Handling Migrations - StalledDueToTarget_MdbFull or TargetDatabaseFullPermanentException

When an administrator provisions a migration batch to Office 365 and adds users, objects known as migration users are created, which you can view using Get-MigrationUser. When migration users and the corresponding move requests (Get-MoveRequest) are created an Exchange Online mailbox database is assigned to each mailbox that will be migrated.  Exchange Online uses an algorithm to review available databases within the service and subsequently select the best target database. Among other data points, one of the criteria considered in the algorithm is the amount of available free space the database file is allowed to consume.

 

Some customers have recently reported that during the mailbox finalization process, the mailbox move may stall with the following error: StalledDueToTarget_MDBFull or TargetDatabaseFullPermanentException.

 

Why does this stall occur?

 

As mailbox data is migrated into the database space within the database file. Exchange Online servers cap the size of mailbox database files to ensure that sufficient free space exists in the database to process mail and client transactions, and to prevent a single database file from consuming more disk space than expected.

 

StalledDueToTarget_MDBFull is our way of notifying the administrator that we have reached the threshold for the minimum free space remaining in the database, or that the database file has reached its maximum allowable size. 

 

TargetDatabaseFullPermanentException is similar in nature.  Often the move reports will include space information regarding the state of the target database.  Here is an example:

 

Message : Target database GUID cannot be used:
Current database file size: 1464986501120
Current space available inside database: 1743781888
Allowed database growth percentage: 90
Maximum database file size limit: 1622722691784
Is database excluded from provisioning: 'False'.

 

The service will allow a database to grow to 90% space utilization.  The reserve ensures that users already utilizing the database are safe and further database operations would not impact the stability of the service.  In this case 146498956501120 / 1622722691784 = 90.2% (therefore greater than the 90% limit imposed).

 

How does the administrator handle this scenario?

 

There are three options available for an administrator to deal with this scenario.

 

The first option is to do nothing.  Within Exchange Online, there are service processes that dynamically move mailboxes to redistribute load across multiple databases.

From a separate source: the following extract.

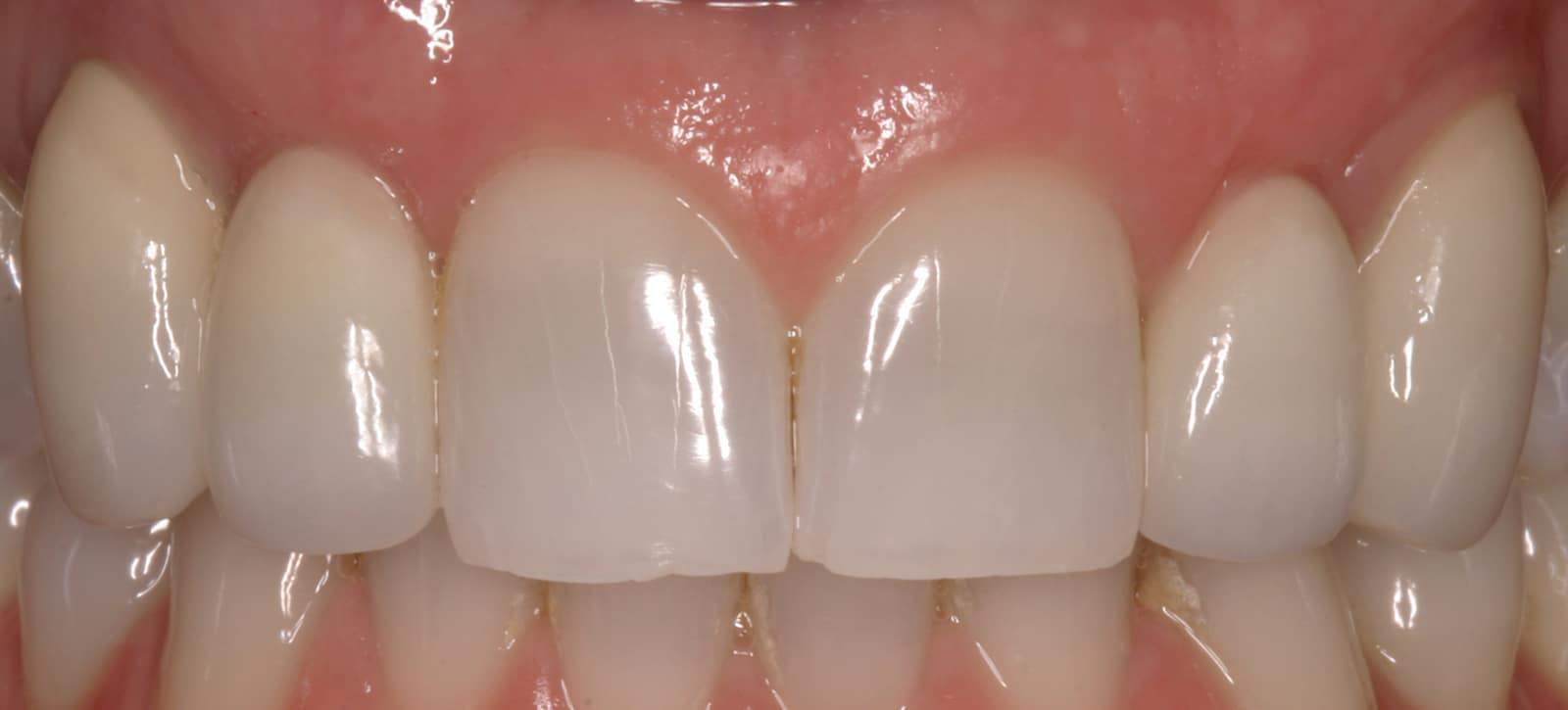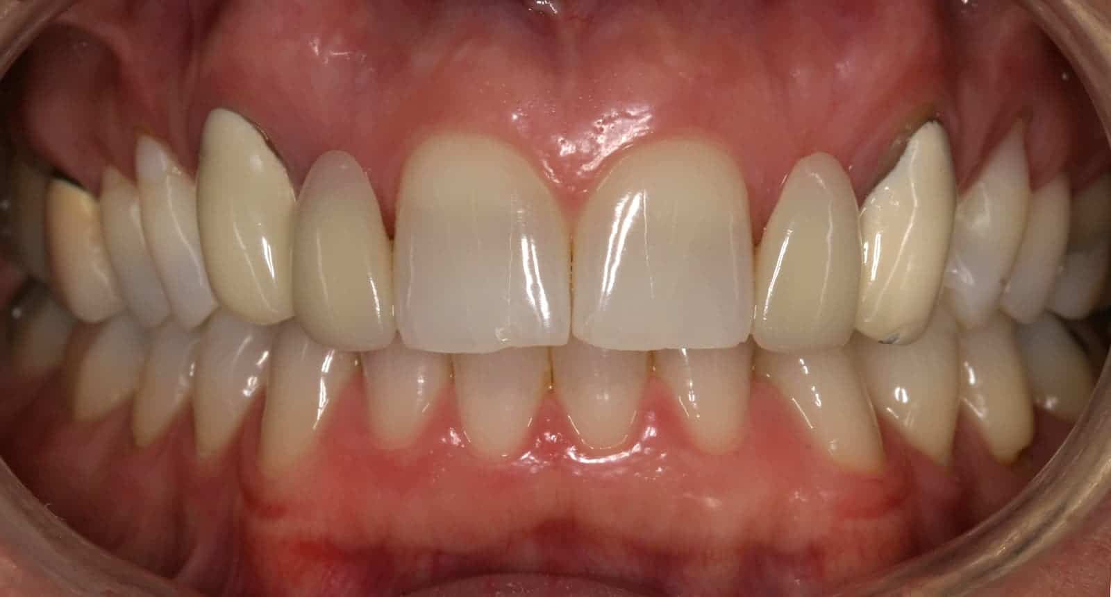 After: Treatment involved tissue augmentation (connective tissue grafts) at pontic sites (false tooth sites) 7 and 10, long-term prototype bridges (temporary bridges), ovate pontic form development, then definitive porcelain fused to gold two-unit bridges (fixed partial dentures), with abutment (support) teeth 6 and 11 (upper canines) and pontics 7 and 10.

Exchange Online is aware of pending migrations and in the background, redistributes mailboxes to allow the free space to decline below the stalled threshold.  When the free space has increased to a level that would safely allow for migrations to complete – the stall condition will be resolved, and the migration will complete. This could take several hours or days between when the stall is first encountered and when free space is below the threshold to allow for continued moves.

 

The second option that may help is to lower the amount of time between the initial synchronization of the mailbox and the finalization of the mailbox move.  In most customer engagements there were several days to weeks between the initial synchronization of the mailbox and when the administrator issued the finalization of the mailbox move.  The stall is then encountered in the incremental synchronization process that attempts to finalize the move and copy the remaining data.  When shortening the time between the initial synchronization and the finalization, you decrease the likelihood that the space has been consumed by other migration and client activity, thereby increasing the success rate of mailbox move finalizations. 

 

The third option is to delete and recreate the move.  In this case, all previously migrated data is deleted, and the migration starts over again.  This can be time-consuming and does not guarantee that you will not see this issue again should you have a longer delay between initial synchronization and finalization.